Spanish economic woes
By Nico Isaac
On June 13, one of Spain’s most prestigious honors -- the Prince of Asturias Art Award -- was presented to legendary singer/songwriter Bob Dylan.
If the Spanish boot of Spanish leather fits.
And boy does it ever. From the realm of folk music to that of
finance, The Times They Are A Changin’ for the main engine of Spain’s economic growth: Real Estate. Just in case you’ve had no direction home for the last year, this brief recap should put the moss back on your stone: In the 12 months ending March 2007, home prices rose by a national average of 7.2%. “House
affordability is at its lowest level ever” (AP ), with household debt running at 133% disposable income and a whopping 96% of all outstanding mortgages comprised of “adjustable” or “floating” rates. (This is against the background of eight
interest rate increases by the European Central Bank in the last 19 months)
On April 24 (informally known as “Black Tuesday”), Madrid’s main stock index, the IBEX 35, plunged 3% following a string of incidents indicating that the “Spanish housing market had had it.”
The first knot: Scandal at one of the country’s largest real estate developers -- Astroc -- lowers the company’s share price by two-thirds. Stock at Spain’s biggest real estate company, Metrovacesa SA is down by one-third in 2007.
The second knot: Construction starts in 2006 ran at 800,000 new homes, more than the total number of homes constructed in Italy, France, and Germany combined, FOUR times the UK number, and nearly one-half of U.S. starts, an economy that is seven times bigger than Spain. (Gulf News )
The third knot: This April, Spain’s best-performing fund manager Francisco Parames received a hand-written note from the third richest man in the world himself, Warren Buffet, seeking advice on how to safely invest in the region’s economic boom.
Parames' reply: You Can’t.
“The Spanish economy,” wrote Parames, “is going to go through some very rough times as the real estate crash [spreads] and credit bubble bursts.”Around the same time, the Bank of Spain issued a public warning pronouncing “unsustainable growth in real estate prices AND a housing market that is 30% overvalued.”
Despite the barrage of bad news, however, the mainstream majority is still tangled up in BULL-ue regarding the long-term prospects of Spain’s housing sector and overall economy.
“The country’s economy is still going strong and talks of a sudden downward correction are overstated,” begins a recent Forbes. Case in point: “Black Tuesday” included, Madrid’s IBEX 35 has soared 35% in the last 12 months to an all-time record high, a performance that has outstripped almost all other major European bourses.
If something were intrinsically wrong, explains one expertician,
“the trouble would show up in the stock market to reveal increasing pessimism about the Spanish housing market.”
Unless of course, one sector tarried behind the other…
Bottom line is: there is an integral stage of every mania in which warnings from the professionals go unheeded by the public. That time may be at hand in Spain.

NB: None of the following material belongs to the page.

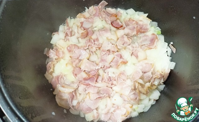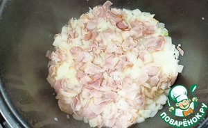 Отправляем в чашу масло плюс лук и бекон — Режим «Жарка» 12 минут

For that very reason, Elliott Wave International’s European Short term Update has expanded its coverage of the major bourses to include Madrid’s IBEX 35, presenting labeled price charts of the index along with unique insight into the near-term trend changes in store for prices.
Spain is out on a limb. If they can pull it out of the fire, perhaps the U.S. economy and housing markets can as well. I won’t hold my breath however. Spain is in trouble, that’s a fact. With the selling off of their reserves and the dumping of their gold they seem to openly admit they’re in deep doo-doo.
Their housing market is certainly in worse shape than the U.S. market, why they haven’t melted down before now is a mystery. It will be interesting to watch Spain’s progress toward the abyss as they are probably cutting a trail that a number of other countries are about to tread down, with unfortunately, the U.S. included among that number I’m sure.